Checkpoint Save GB: 22.271, GB/Sec: 0.8, Latency(second): 27.973
(min, max) time across ranks (ms):
    save-checkpoint ................................: (27972.78, 27972.78)
[2025-07-14 19:27:46,227] [INFO] [logging.py:107:log_dist] [Rank 0] step=2, skipped=0, lr=[0.0002918585038060976, 0.0002918585038060976], mom=[(0.9, 0.95), (0.9, 0.95)]
Exiting after iteration 1 for testing restart...
[2025-07-14 19:27:49,341] [INFO] [launch.py:351:main] Process 1382732 exits successfully.

(dspeed_env) mgossman@x3004c0s37b0n0:/restart_perf/llm-restart-perf> darshan-parser /tmp/mgossman_python_id1382732_mmap-log-7779381447136745040-0.darshan  
Error: unable to inflate darshan log data.
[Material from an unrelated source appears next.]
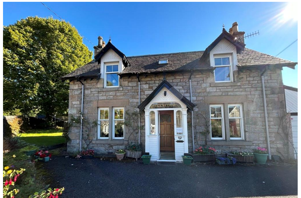
Next Home - Tigh Na Linne, 16 West Moulin Road, Pitlochry, PH16 5EA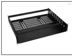
Shelves and Drawers

Error: failed to read darshan log file job data.
(dspeed_env) mgossman@x3004c0s37b0n0:~/restart_perf/llm-restart-perf>

Edited darhshan_core_shutdown:

[DEEPSPEED DEBUG] searching for darshan in checkpointng procs memory (/proc/self/map_files)
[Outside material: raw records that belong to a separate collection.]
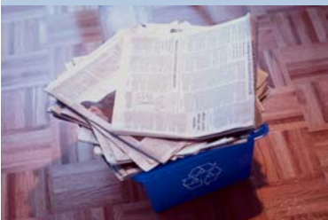
Place paper in marked recycling bins at your school

95 schools achieved their recycling targets for the fall 2006 semester. Each of these schools will receive an Office Depot gift card worth $277! To qualify for a reward during this semester, your school must recycle an average of at least 100% of its recycling target each week. You can find your school's recycling target and your weekly performance at: www.cps.edu/Operations/facility_operations.html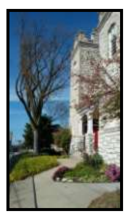
Congregation established 1836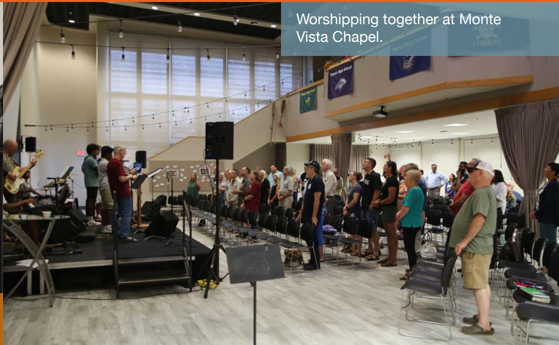
Worshipping together at Monte Vista Chapel.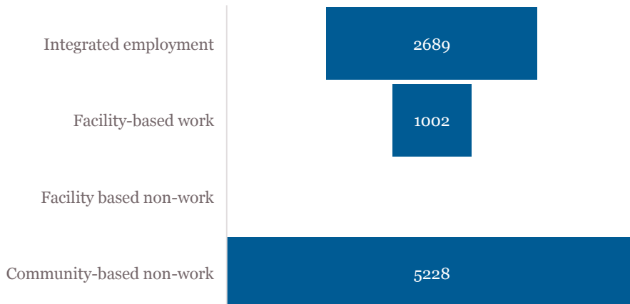
Work and Non-Work Participation (IDD pop., N=8,919)

In a setting that is both inclusive of people with and without disabilities and is in the community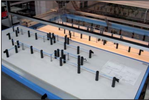
Harness board with a Fresenius cable harness.

Calculated for the complete cable harness, binding takes an average of 2 seconds, including the distance travelled. Fresenius manufactures many different products, although the majority are small types of cable harnesses. To make the most efficient use of the boards for laying out the cables, two harnesses are often laid out one next to the other on a single board.

[DEEPSPEED DEBUG] Darshan is loaded: **/tmp/mgossman_python_id1386493_mmap-log-8406181767851323125-0.darshan**
[DEEPSPEED DEBUG] Darshan is loaded: /home/mgossman/restart_perf/software/installs/darshan/lib/libdarshan.so.0.0.0
[DEEPSPEED DEBUG] Darshan is loaded: /home/mgossman/restart_perf/software/installs/darshan/lib/libdarshan.so.0.0.0
[DEEPSPEED DEBUG] Darshan is loaded: /home/mgossman/restart_perf/software/installs/darshan/lib/libdarshan.so.0.0.0
[2025-07-14 19:32:14,616] [INFO] [torch_checkpoint_engine.py:49:save] [Torch] Saving /grand/VeloC/mikailg/DeepSpeed-restart-perf/modelsize1_tp1_pp1_dp4/global_step1/bf16_zero_pp_rank_0_mp_rank_00_optim_states.pt...
[2025-07-14 19:32:38,551] [INFO] [torch_checkpoint_engine.py:51:save] [Torch] Saved /grand/VeloC/mikailg/DeepSpeed-restart-perf/modelsize1_tp1_pp1_dp4/global_step1/bf16_zero_pp_rank_0_mp_rank_00_optim_states.pt.
[2025-07-14 19:32:38,555] [INFO] [engine.py:3701:_save_zero_checkpoint] zero checkpoint saved /grand/VeloC/mikailg/DeepSpeed-restart-perf/modelsize1_tp1_pp1_dp4/global_step1/bf16_zero_pp_rank_0_mp_rank_00_optim_states.pt
[2025-07-14 19:32:38,555] [INFO] [torch_checkpoint_engine.py:61:commit] [Torch] Checkpoint global_step1 is ready now!
  successfully saved checkpoint at iteration       1 to /grand/VeloC/mikailg/DeepSpeed-restart-perf/modelsize1_tp1_pp1_dp4
[SAVE CHECKPOINT] Save checkpoint took 28.02339 seconds.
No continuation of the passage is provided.